Plusieurs outils structurent la pratique de l'entretien comportemental en entreprise :

  • Les référentiels de compétences comportementales développés par des éditeurs spécialisés tels que Lominger (filiale de Korn Ferry) ou DDI (Development Dimensions International) proposent des bibliothèques de 30 à 70 compétences, chacune assortie de questions associées et d'indicateurs comportementaux observables.
  • Les échelles d'ancrage comportemental (Behaviorally Anchored Rating Scales, BARS) permettent au recruteur d'évaluer les réponses sur une échelle de 1 à 5, avec des exemples comportementaux concrets pour chaque niveau, réduisant la subjectivité de la notation.
  • Les guides d'entretien structurés standardisent les questions posées à l'ensemble des candidats pour un même poste, réduisant la variabilité inter-évaluateurs et renforçant la validité comparative du processus.

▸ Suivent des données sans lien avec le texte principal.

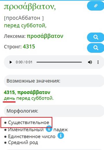 • Ин. 19:31 – «ἦν γὰρ μεγάλη ἡ ἡμέρα ἐκείνου τοῦ σαββάτου» — уточнение, что Суббота была великая, а день до неё — Παρασκευή.Везде это именно существительное.
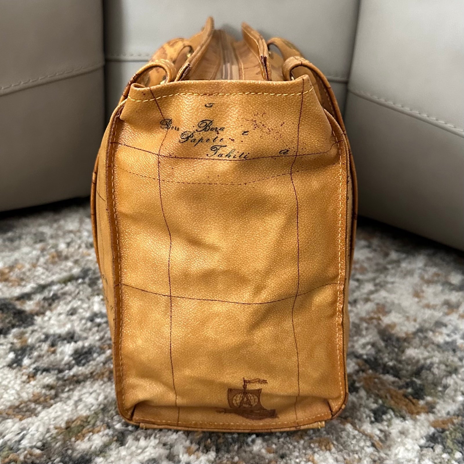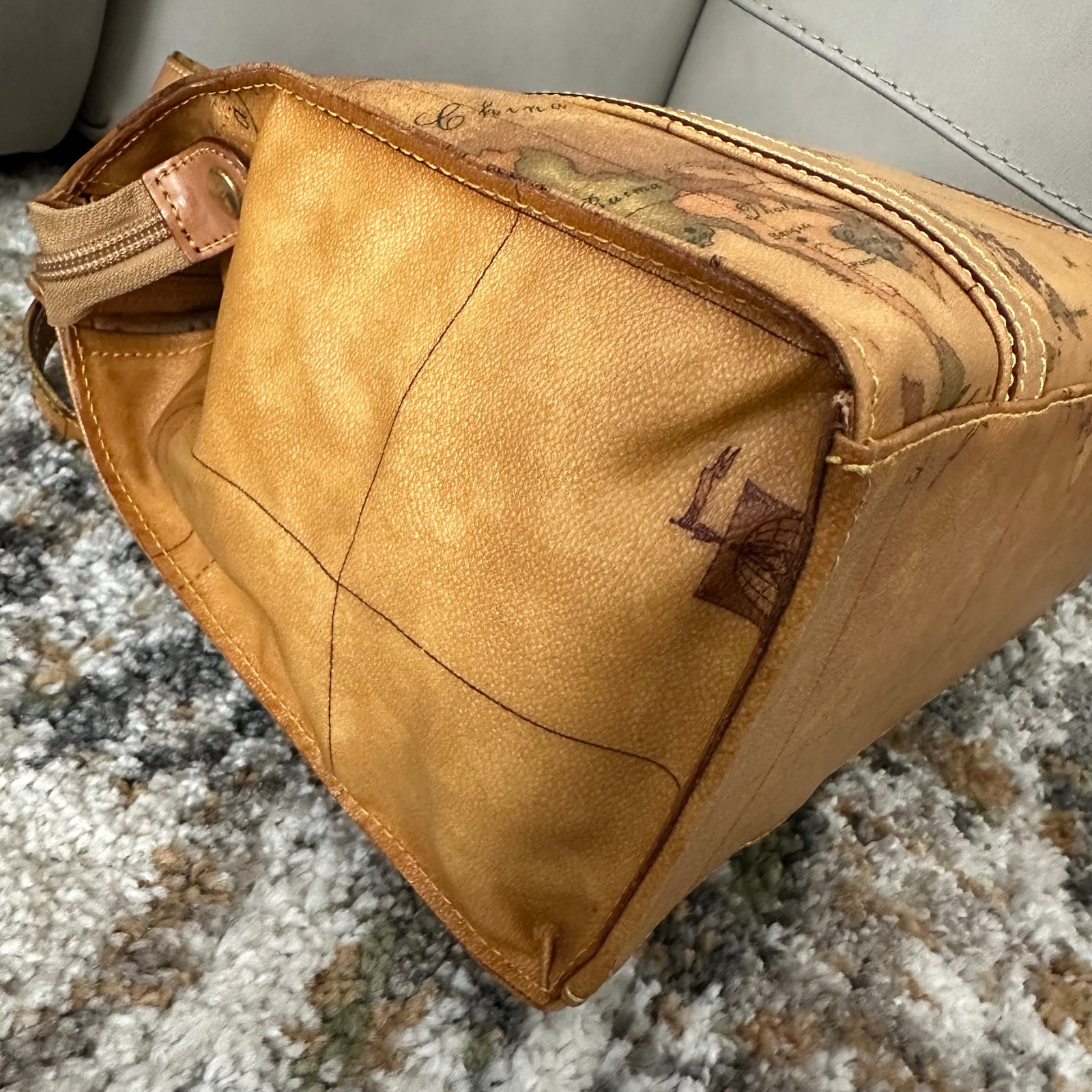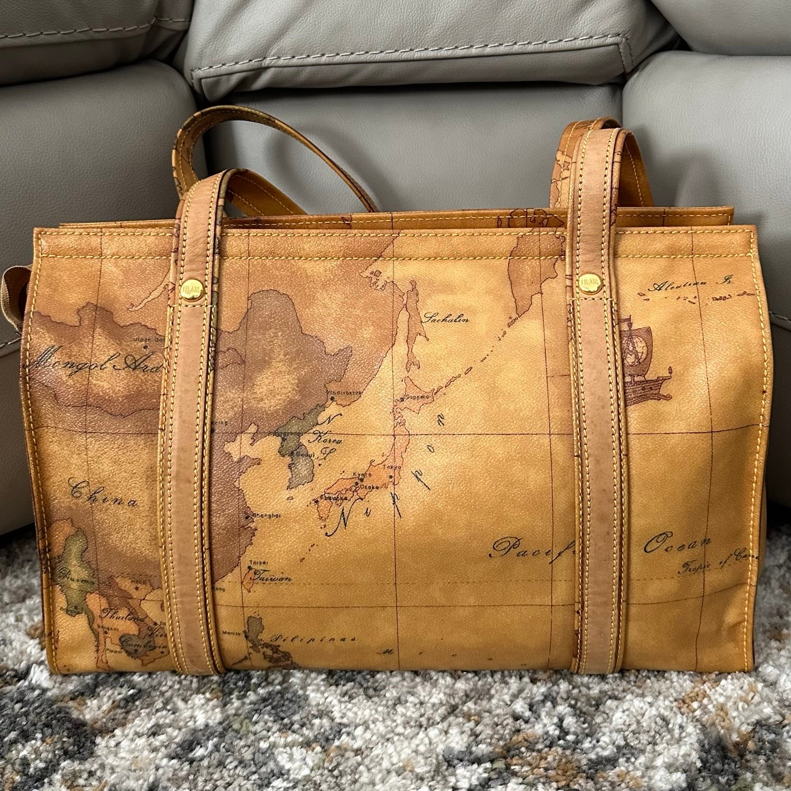 Beautiful! Unisex Coated Canvas Leather Trim Alviero Martini 1A Classe Medium Tote Geo Classic Map Bag. Outside Slip Pocket, Top Zip Closure With Inside Large Zip Pocket. Note: This Tote Does Show Damage/Staining On The Inside Material Canvas (see pics) And Has That Vintage Smell. Take To. Cobbler For A Cleaning. Sold As Is. Super Cool Sturdy Bag!

  • Le développement personnel et la réflexivité sur ses propres expériences constituent, pour le candidat, des leviers essentiels pour enrichir son répertoire de situations et en extraire des apprentissages communicables lors de l'entretien.

L'entretien comportemental s'inscrit souvent dans un processus de sélection plus large incluant des tests psychométriques, des mises en situation professionnelle et une vérification des références professionnelles, l'ensemble formant un dispositif d'évaluation multiméthode dont la validité globale dépasse celle de chaque outil pris isolément.